● Prompt
Starting with the line in which "看完第一位病人,诊室又来了两" appears, give back every line exactly as written until the listing ends, excluding pictures.

● Given information
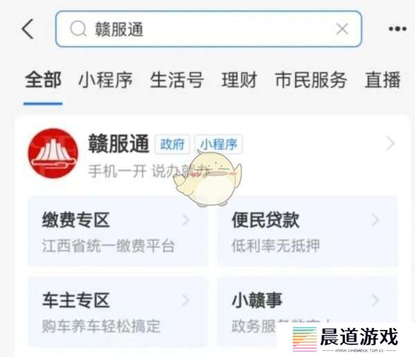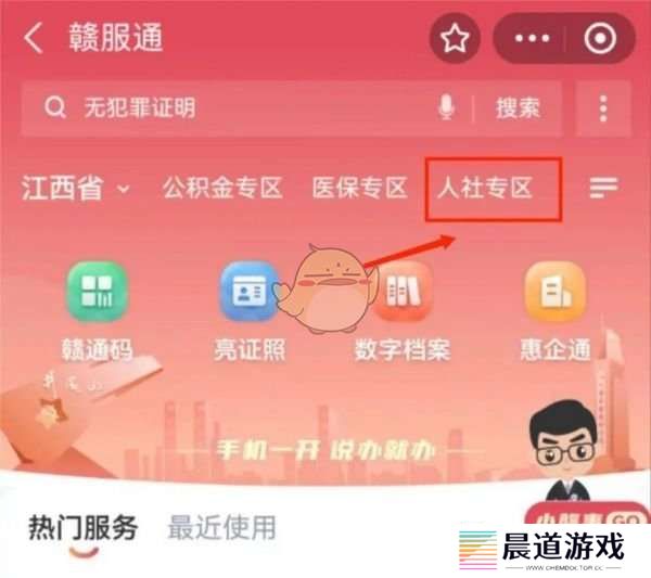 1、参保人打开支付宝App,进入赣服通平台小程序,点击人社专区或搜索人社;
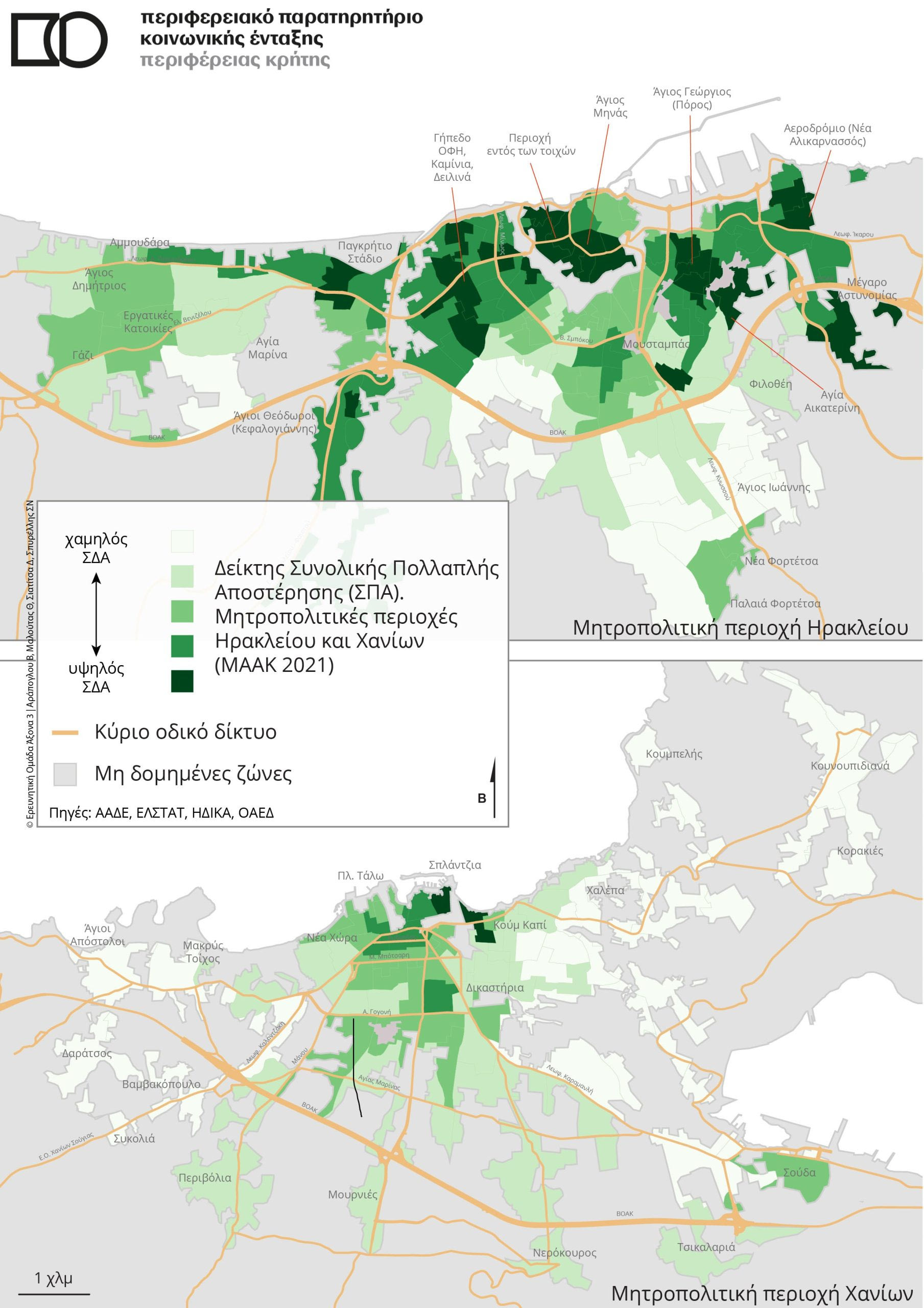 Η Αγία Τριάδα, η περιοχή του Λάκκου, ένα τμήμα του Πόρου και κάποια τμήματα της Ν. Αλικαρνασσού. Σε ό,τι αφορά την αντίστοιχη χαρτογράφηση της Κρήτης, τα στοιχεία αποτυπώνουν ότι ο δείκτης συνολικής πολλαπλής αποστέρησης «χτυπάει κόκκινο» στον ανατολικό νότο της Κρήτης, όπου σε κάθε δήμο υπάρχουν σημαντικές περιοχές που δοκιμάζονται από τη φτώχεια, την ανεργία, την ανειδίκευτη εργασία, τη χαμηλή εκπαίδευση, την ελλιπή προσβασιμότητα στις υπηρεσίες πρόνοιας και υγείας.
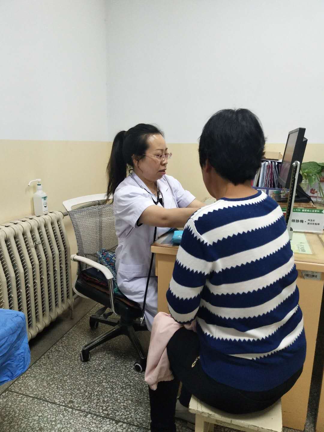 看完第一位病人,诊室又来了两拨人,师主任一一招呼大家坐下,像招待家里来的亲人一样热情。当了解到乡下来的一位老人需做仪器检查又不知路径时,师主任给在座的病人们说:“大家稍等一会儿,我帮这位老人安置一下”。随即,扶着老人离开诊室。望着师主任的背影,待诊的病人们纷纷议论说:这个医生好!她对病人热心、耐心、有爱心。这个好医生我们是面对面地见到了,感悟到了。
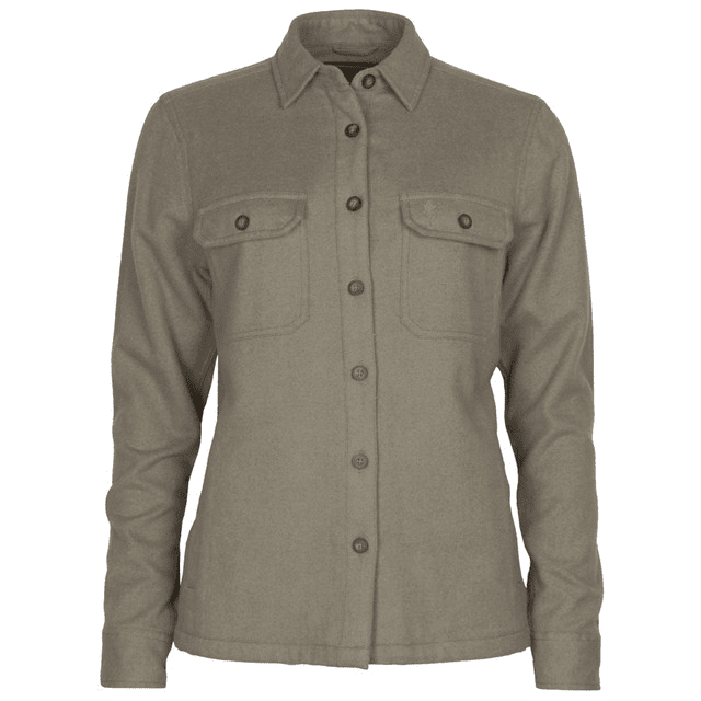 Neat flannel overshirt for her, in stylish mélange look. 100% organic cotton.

● Solution for this task
 看完第一位病人,诊室又来了两拨人,师主任一一招呼大家坐下,像招待家里来的亲人一样热情。当了解到乡下来的一位老人需做仪器检查又不知路径时,师主任给在座的病人们说:“大家稍等一会儿,我帮这位老人安置一下”。随即,扶着老人离开诊室。望着师主任的背影,待诊的病人们纷纷议论说:这个医生好!她对病人热心、耐心、有爱心。这个好医生我们是面对面地见到了,感悟到了。
 Neat flannel overshirt for her, in stylish mélange look. 100% organic cotton.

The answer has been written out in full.